* _Task inputs_:
☆ ☆ ☆ ☆ ☆
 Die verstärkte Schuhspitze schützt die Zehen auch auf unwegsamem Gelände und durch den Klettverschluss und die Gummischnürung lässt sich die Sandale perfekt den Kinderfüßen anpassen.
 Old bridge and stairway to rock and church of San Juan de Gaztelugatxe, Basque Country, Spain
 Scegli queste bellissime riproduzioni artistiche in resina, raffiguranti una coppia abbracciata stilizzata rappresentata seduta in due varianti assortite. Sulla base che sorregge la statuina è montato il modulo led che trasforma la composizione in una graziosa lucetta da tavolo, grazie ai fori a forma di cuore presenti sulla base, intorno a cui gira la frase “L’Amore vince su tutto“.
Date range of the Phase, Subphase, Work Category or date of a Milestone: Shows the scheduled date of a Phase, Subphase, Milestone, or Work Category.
☆ ☆ ☆ ☆ ☆
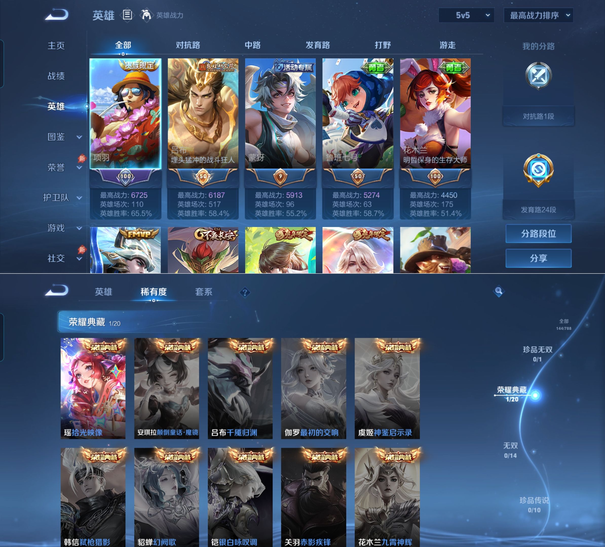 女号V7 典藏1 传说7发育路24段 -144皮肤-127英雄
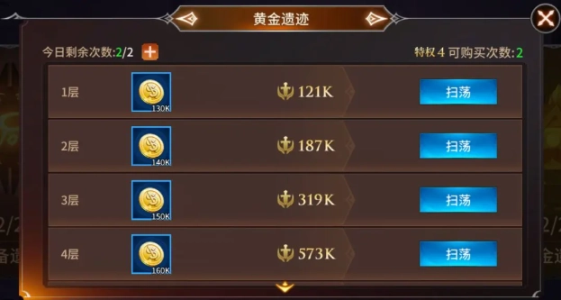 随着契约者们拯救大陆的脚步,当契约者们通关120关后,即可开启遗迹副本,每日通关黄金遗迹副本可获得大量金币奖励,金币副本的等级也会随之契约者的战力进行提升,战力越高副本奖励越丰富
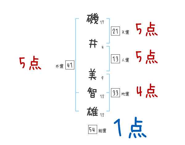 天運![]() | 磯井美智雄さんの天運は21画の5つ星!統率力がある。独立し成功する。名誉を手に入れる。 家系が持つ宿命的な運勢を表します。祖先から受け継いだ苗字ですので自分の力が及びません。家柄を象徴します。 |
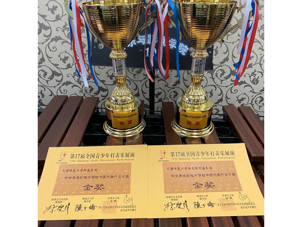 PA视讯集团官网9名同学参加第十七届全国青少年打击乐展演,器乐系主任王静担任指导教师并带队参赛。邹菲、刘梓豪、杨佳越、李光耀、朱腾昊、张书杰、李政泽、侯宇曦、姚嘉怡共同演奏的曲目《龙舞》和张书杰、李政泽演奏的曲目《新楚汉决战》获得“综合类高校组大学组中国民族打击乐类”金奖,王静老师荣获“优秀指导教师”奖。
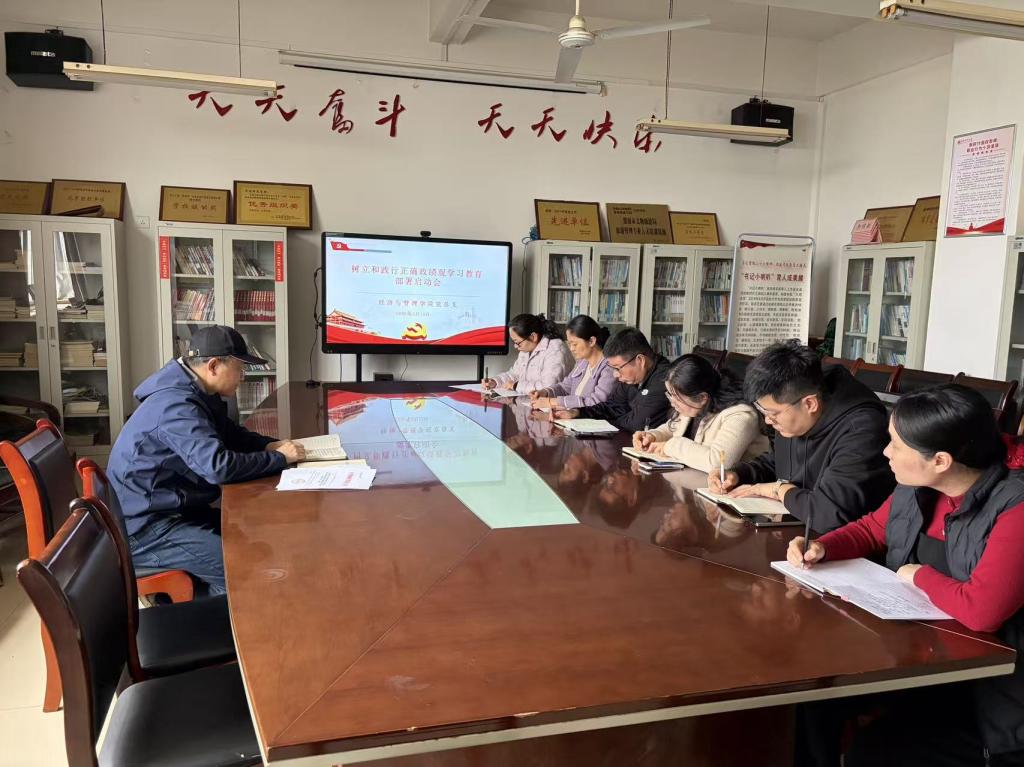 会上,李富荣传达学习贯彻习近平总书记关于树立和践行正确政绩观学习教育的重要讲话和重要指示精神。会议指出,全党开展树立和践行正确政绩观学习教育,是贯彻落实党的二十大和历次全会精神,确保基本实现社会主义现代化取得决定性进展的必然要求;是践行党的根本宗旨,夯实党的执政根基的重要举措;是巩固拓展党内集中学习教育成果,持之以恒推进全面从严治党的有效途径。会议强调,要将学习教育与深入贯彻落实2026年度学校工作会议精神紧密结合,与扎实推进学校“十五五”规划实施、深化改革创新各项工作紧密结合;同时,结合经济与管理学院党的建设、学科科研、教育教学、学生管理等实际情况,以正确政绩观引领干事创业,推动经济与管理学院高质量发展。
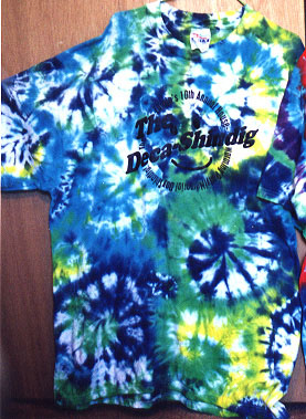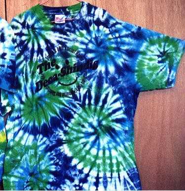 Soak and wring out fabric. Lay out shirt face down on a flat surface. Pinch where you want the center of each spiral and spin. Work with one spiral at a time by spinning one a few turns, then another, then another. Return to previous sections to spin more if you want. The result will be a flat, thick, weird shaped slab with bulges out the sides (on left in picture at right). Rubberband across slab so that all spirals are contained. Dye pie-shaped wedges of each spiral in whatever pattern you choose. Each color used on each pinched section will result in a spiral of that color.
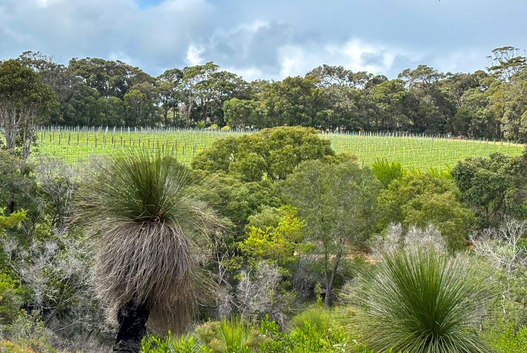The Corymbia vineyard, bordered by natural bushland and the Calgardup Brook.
☆ ☆ ☆ ☆ ☆
* _What is expected_: Go through the material above and output exactly the lines from the one containing "Die verstärkte Schuhspitze" through the one containing "Date range of".

* _Result_:
 Die verstärkte Schuhspitze schützt die Zehen auch auf unwegsamem Gelände und durch den Klettverschluss und die Gummischnürung lässt sich die Sandale perfekt den Kinderfüßen anpassen.
 Old bridge and stairway to rock and church of San Juan de Gaztelugatxe, Basque Country, Spain
 Scegli queste bellissime riproduzioni artistiche in resina, raffiguranti una coppia abbracciata stilizzata rappresentata seduta in due varianti assortite. Sulla base che sorregge la statuina è montato il modulo led che trasforma la composizione in una graziosa lucetta da tavolo, grazie ai fori a forma di cuore presenti sulla base, intorno a cui gira la frase “L’Amore vince su tutto“.
Date range of the Phase, Subphase, Work Category or date of a Milestone: Shows the scheduled date of a Phase, Subphase, Milestone, or Work Category.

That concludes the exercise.